When I discovered computers in middle and high school in the 1980s, I found a new way to play with primes. Now, rather than trying to step my way through the tricky paths of prime calculations in my head, I could devise algorithms that solved these problems for me. Using my parent’s Apple IIe computer, I wrote programs in BASIC to calculate primes. I loved seeing how they spilled out, fast at first, then slower and slower as the demands of calculating primes taxed the limits of the machine. I even commandeered the mainframe at the university where my dad taught, but that even slowed down after a while.

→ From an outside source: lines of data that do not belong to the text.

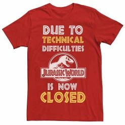 Licensed Character Men’s Jurassic World Technical Difficulties Sign Graphic Tee Red Heather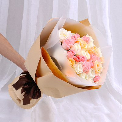 11朵白玫瑰,11朵安娜粉玫瑰,11朵香槟玫瑰混搭。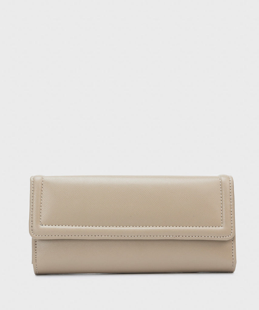 Carry your cash and cards in style with our off white, faux leather wallet accented with a metal closure.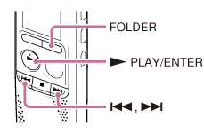 Enquanto o gravador de IC está no modo de paragem, pode selecionar uma pasta e um ficheiro para gravação, reprodução ou edição.

So, I set about trying to find more efficient ways to calculate primes. The easiest thing, of course, was to confine the counting and the division only to odd numbers. After listing 2 as prime you just had to divide every odd number by every other odd number. Over time, even that would bog down the program, so I began experimenting with different ways to make the programming more efficient. What if I stored every prime already solved in an array and then just divided each number by the members of the array rather than all the numbers that preceded it? In the early numbers this slowed the computer down, but later on the program ran more quickly.
What’s the point of all this? I don’t know. But that’s probably true of almost all play—it has no point, no end. Like prime numbers, play ceaselessly unfurls, never reaching an ultimate destination. What was the benefit of my play with primes? I don’t know if there was any, besides the development of a certain facility with numbers through mental calculation, though I never became a mathematician or even a programmer (despite starting off as a computer science major in college). I played with primes because at some level, doing so was fun. And as Johan Huizinga states in his foundational text on play, Homo Ludens, "it is precisely this fun-element that characterizes the essence of play."
Still, I can never quite shake the feeling that my love of playing with primes was just a little odd, and that’s why it was such a delight to find in Oliver Sacks a fellow fan of primes—it’s always easier to be a little weird when you find other weirdos in the world along with you.